Stranded is a 2013 American paranormal investigation reality television  series that premiered on the Syfy network February 27, 2013 and is hosted by Josh Gates of Destination Truth. The show is produced by executive producers Brad Kuhlman, Casey Brumels and Josh Gates for Ping Pong Productions, and Jason Blum of Blumhouse Productions, the latter best known for the Paranormal Activity film franchise. The show has been compared to MTV's paranormal competition show Fear.

Format
The show was created by Josh Gates as both a paranormal and psychological experiment. Each episode features a three-person team made up of paranormal enthusiasts and skeptics from various walks of life who spend several days alone together at some of the most allegedly haunted locations in North America. The teams create their own video footage with hand-held night-vision cameras, along with dozens of fixed cameras, that document their reactions to the ever increasing anxiety, paranoia and desolation of being trapped inside a terrifying place.
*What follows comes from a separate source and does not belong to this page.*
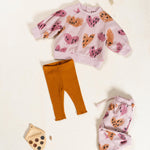 It features a round neckline, dropped shoulders, elasticated cuffs and hem, and our heart print design.
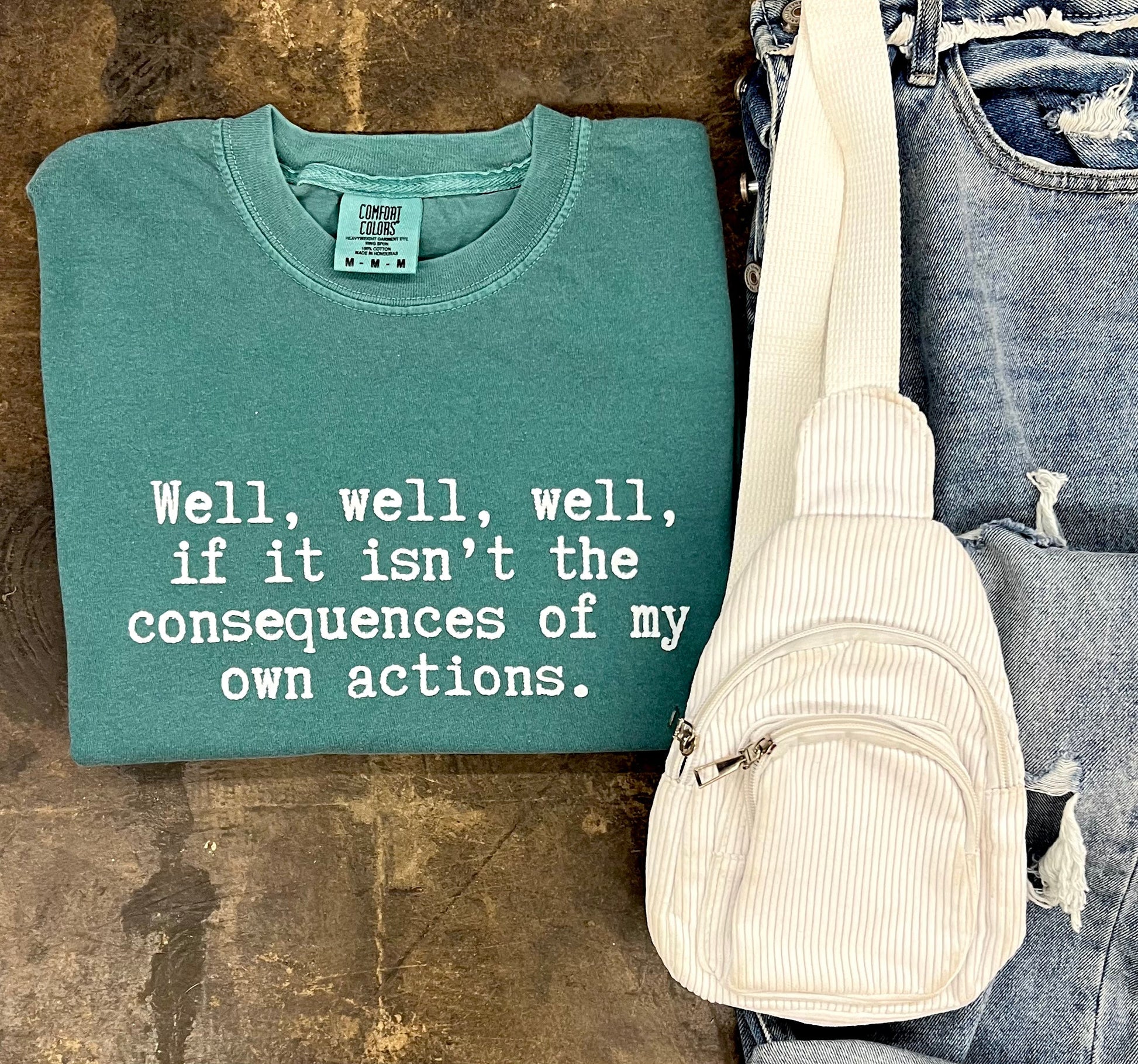 DTF printed on comfort colors emerald. Unisex + TTS fit! These are on a 7-10 business day TAT from the friday after you order. We will CLOSE these out january 24th at 10am CST for good!

The show concludes with a review of the footage and personal interviews of each member's experience.

Opening Introduction: 

Message (before each episode):

Reception
Mark Perigard of the Boston Herald gave an overall negative review stating, 'Stranded' shows that boredom, isolation and the power of suggestion—along with some careful goosing by off-screen production assistants, no doubt—can produce, ultimately, a horribly predictable show."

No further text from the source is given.